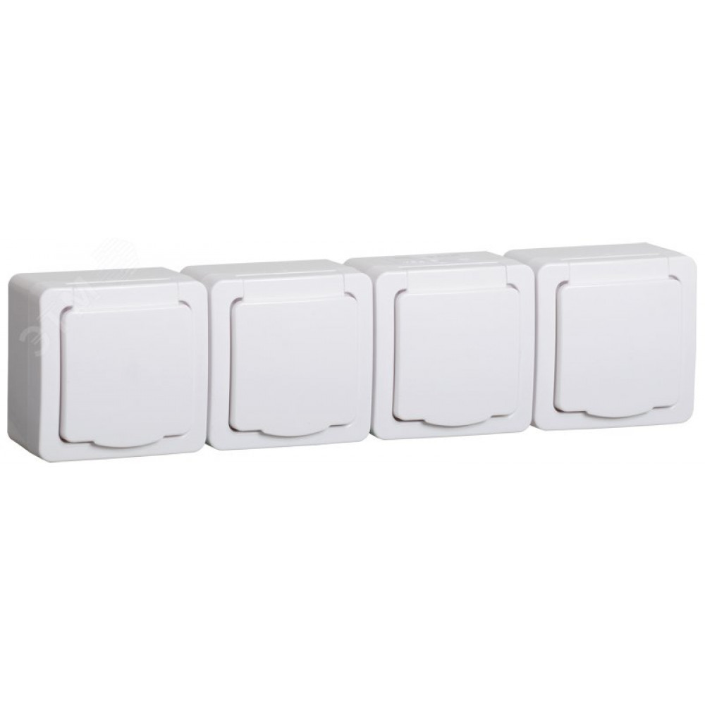 Розетка 4-м ОП Гермес Plus РСб24-3-ГПБб 16А IP54 с заземл. с крышкой бел. ERMP42-K01-16-54-EC, Розетка открытого монтажа
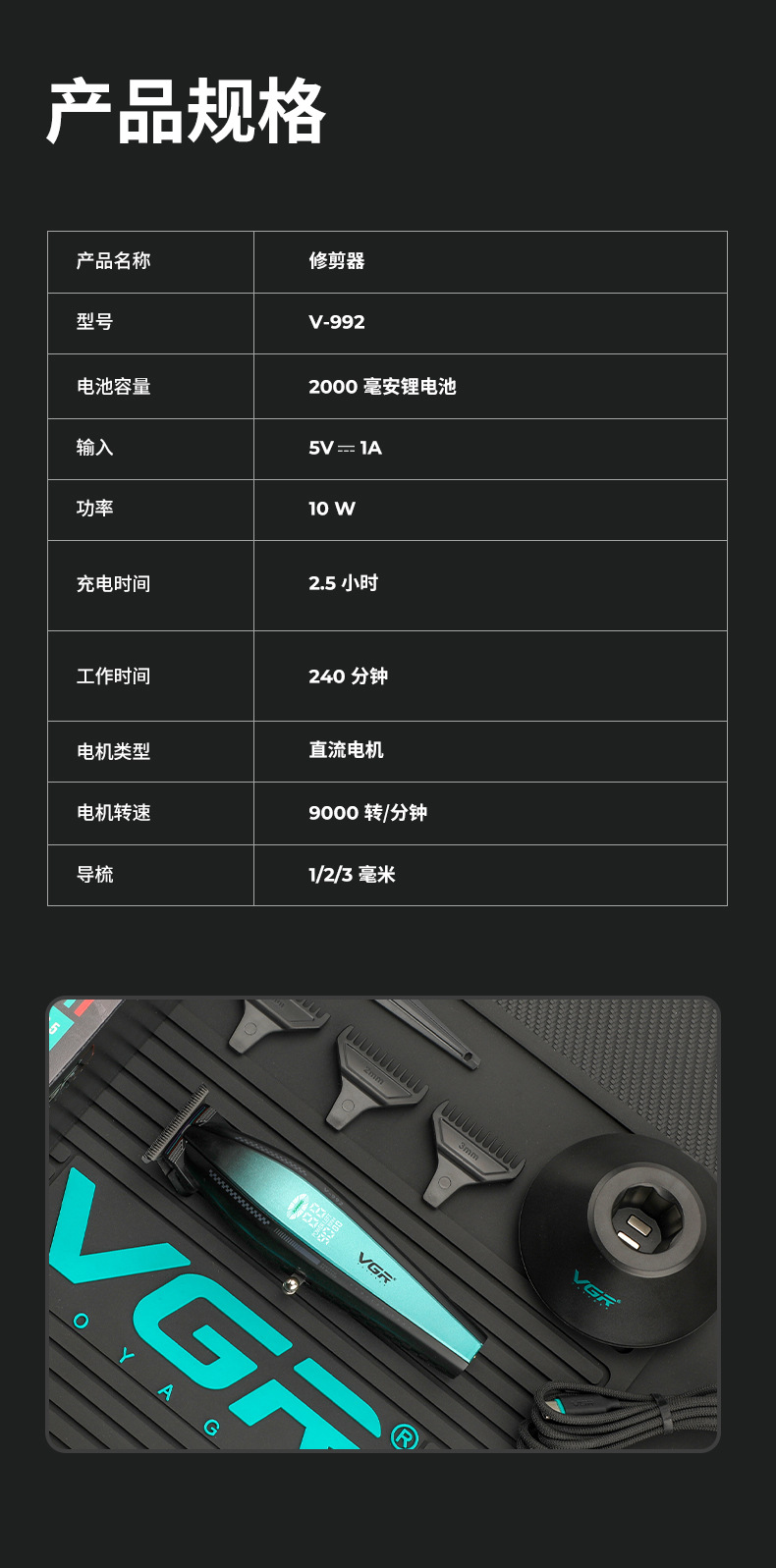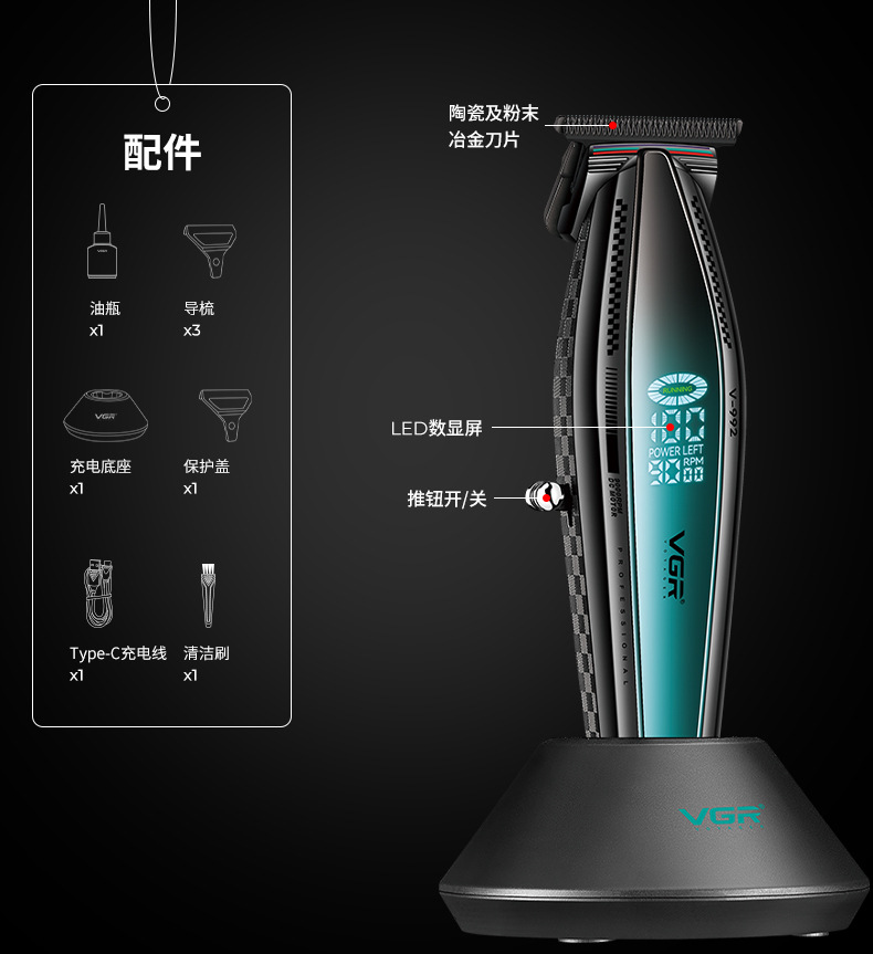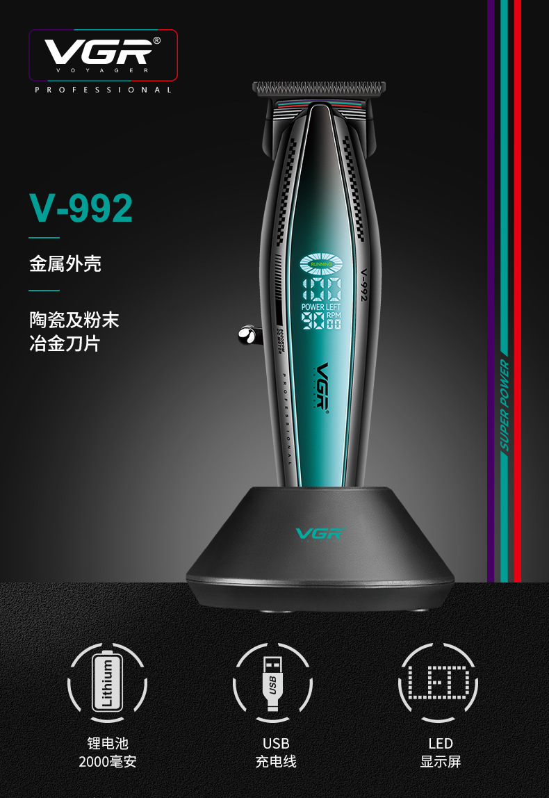 VGR992 새로운 국경 간 헤어 클리퍼 디지털 헤어 살롱 전문 오일 헤드 클리퍼 베이스 충전 전기 클리퍼
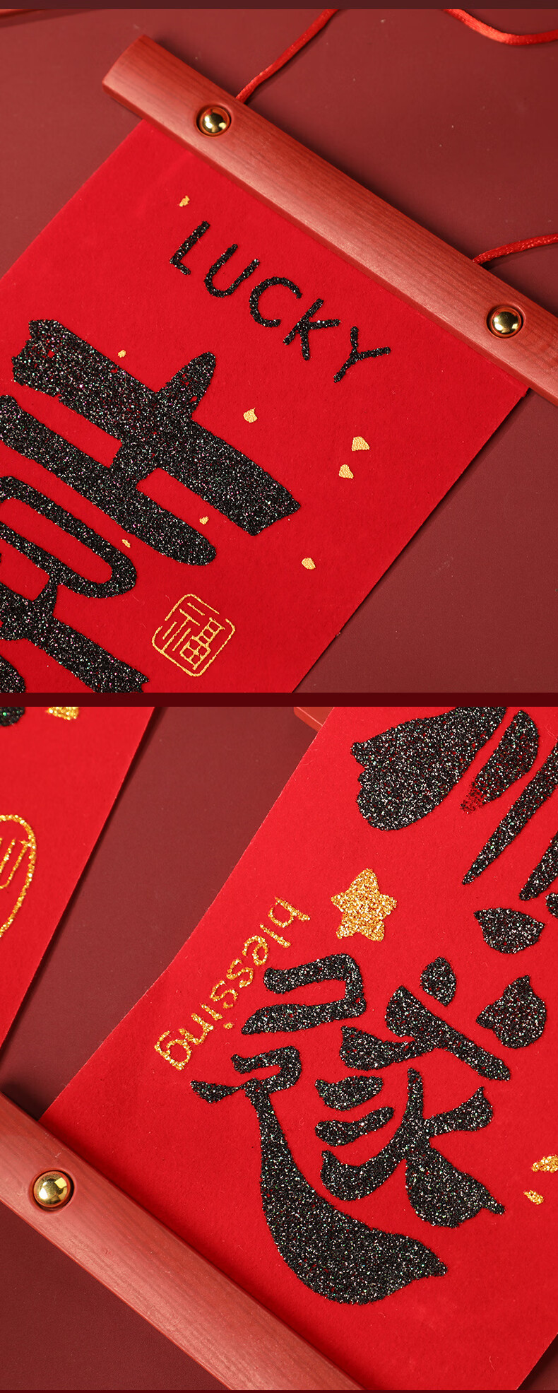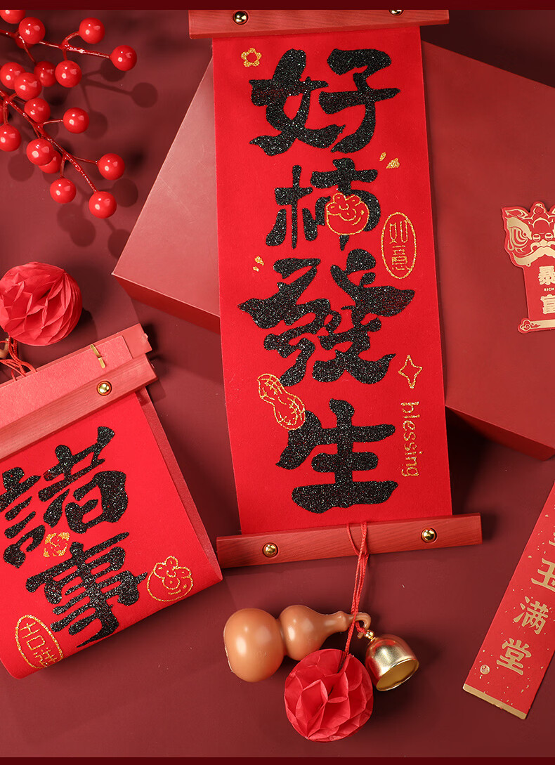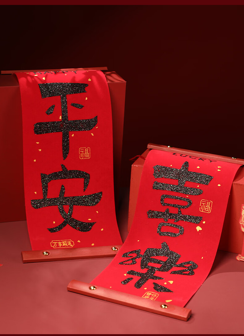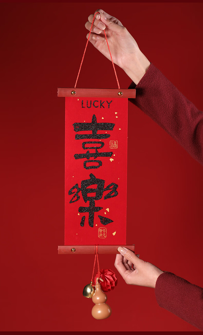 慈元阁新年绒布对联挂件大红色家居挂饰客厅房门乔迁搬新家氛围春节装饰 平安喜乐
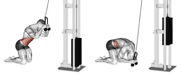 This exercise helps in developing upper and lower rectus abdominis. To perform cable crunches, you need to attach a rope to an overhead pulley. Grab each end of the rope and kneel down while holding the rope in front of your forehead.
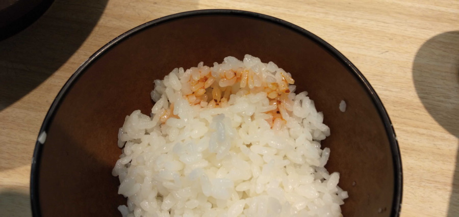 そして、このライスに先程紹介した自家製辣油を少しかけます。
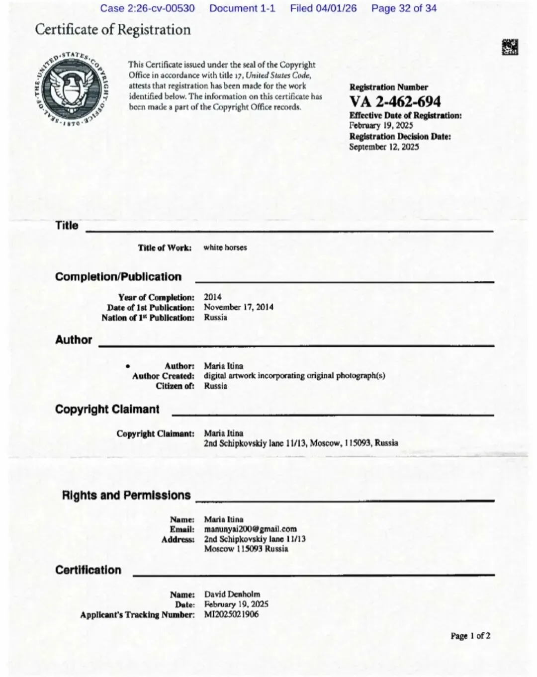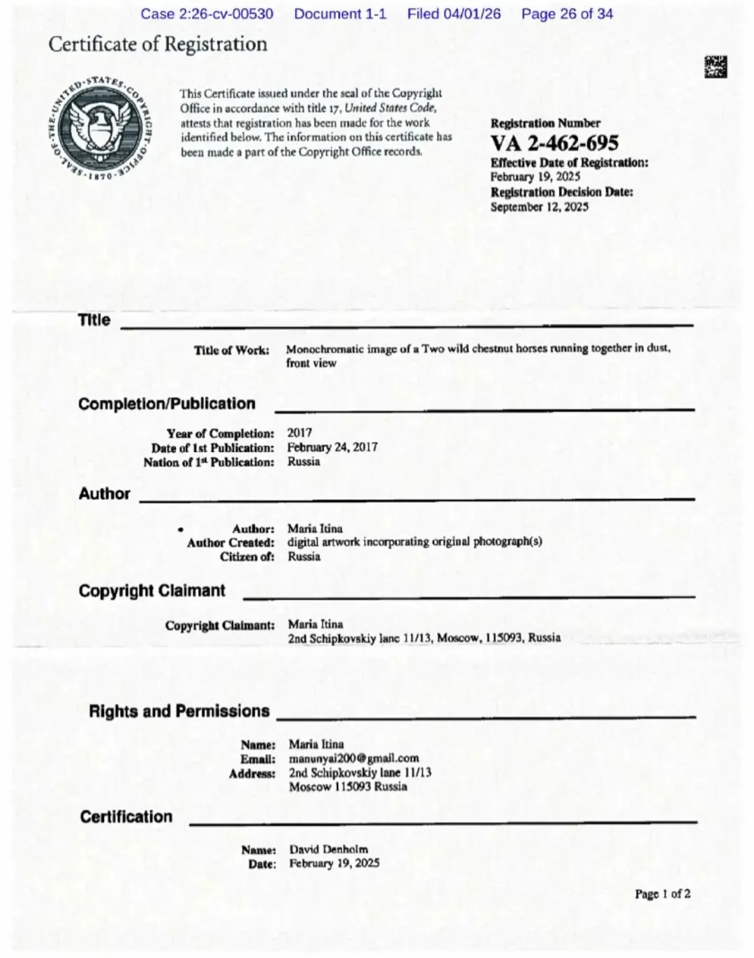 【26-cv-00530】11幅马儿版权维权!跨境卖家速看避雷!

#####

> _Assignment_
In the answer, the lines from the one containing "This exercise helps" to the end of the records above must be written out exactly, both ends included; the pictures must not appear.

> _Output for this exercise_
 This exercise helps in developing upper and lower rectus abdominis. To perform cable crunches, you need to attach a rope to an overhead pulley. Grab each end of the rope and kneel down while holding the rope in front of your forehead.
 そして、このライスに先程紹介した自家製辣油を少しかけます。
 【26-cv-00530】11幅马儿版权维权!跨境卖家速看避雷!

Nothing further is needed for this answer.